Work item:
Make an exact copy, from the records below, of the lines from the line containing "48 Inches Hair" to the line containing "Table 4 pieds", both lines included, excluding pictures.

Extracted entries:
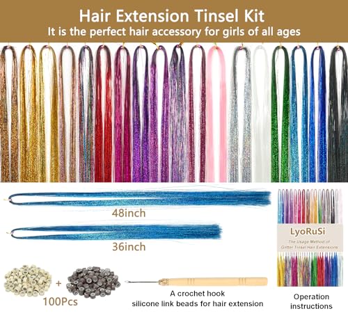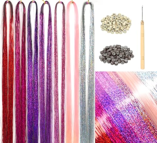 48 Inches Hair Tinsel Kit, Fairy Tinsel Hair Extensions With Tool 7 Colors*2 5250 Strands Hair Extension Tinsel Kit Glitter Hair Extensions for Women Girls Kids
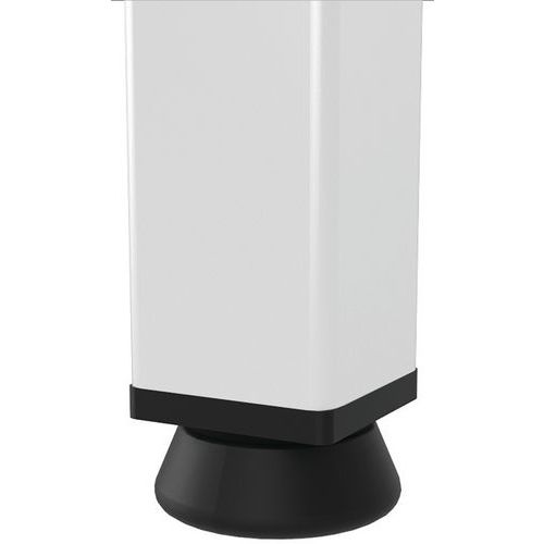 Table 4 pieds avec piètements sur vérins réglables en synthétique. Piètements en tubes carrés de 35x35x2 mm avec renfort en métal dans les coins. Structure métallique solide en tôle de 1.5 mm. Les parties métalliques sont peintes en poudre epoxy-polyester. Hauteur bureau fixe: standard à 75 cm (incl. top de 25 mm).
---
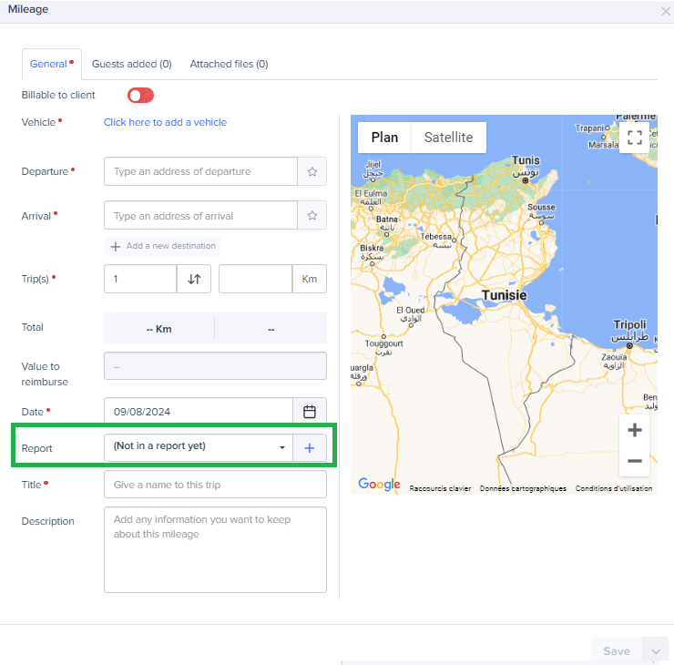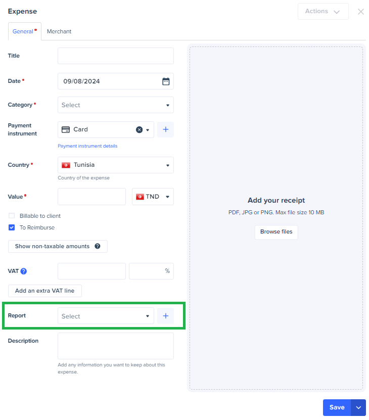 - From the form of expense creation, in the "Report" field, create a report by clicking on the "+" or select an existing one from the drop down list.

Exercise answer:
 48 Inches Hair Tinsel Kit, Fairy Tinsel Hair Extensions With Tool 7 Colors*2 5250 Strands Hair Extension Tinsel Kit Glitter Hair Extensions for Women Girls Kids
 Table 4 pieds avec piètements sur vérins réglables en synthétique. Piètements en tubes carrés de 35x35x2 mm avec renfort en métal dans les coins. Structure métallique solide en tôle de 1.5 mm. Les parties métalliques sont peintes en poudre epoxy-polyester. Hauteur bureau fixe: standard à 75 cm (incl. top de 25 mm).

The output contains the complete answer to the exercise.